The best technique I have found requires just a few common items from around the house; a plastic baggie, a paper towel and some water. Just use enough water to get the towel damp but not soggy. Place a few ‘test’ seeds onto the paper towel and then fold it over so the seeds are covered on both sides. I usually place ten test seeds on the towel. Next place the seed into a baggie and seal it. You can place your ‘germination chamber’ anywhere where the temps are warm but also where it will be out of direct sunlight. Then, just wait a few days, check every 24 hours to see if germination is occurring. Seeds like spinach, lettuce and radish will germinate very rapidly, say in a few days at most. Other seeds like tomatoes or pepper will take a week or longer. But, if they are viable you should see most if not all sprouting at some point.
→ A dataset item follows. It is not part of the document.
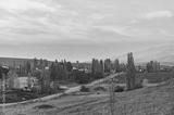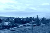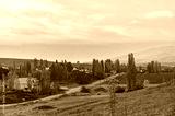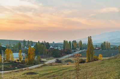 Autumn in the mountains. Rays of the setting sun over the road in a mountain village.

The number of seeds that germinate is important to consider. If you get less than 50% then you should think about buying some new seed packets. If it’s over 50% then you should be able to get decent crops from the balance of the packet. Now, following are some suggested storage times for common garden vegetables. It’s important to remember that some seed, for whatever reason, will not store well;

1-2 years – Corn, Onion, Parsley, Parsnips and Peppers

3-4 years – Asparagus, Beans, Peas, Beets, Cabbage, Carrots, Squash and Tomatoes

5-6 years – Cucumbers, Lettuce, Melons and Spinach

So, when you think you’re ready, get those packets out and start testing!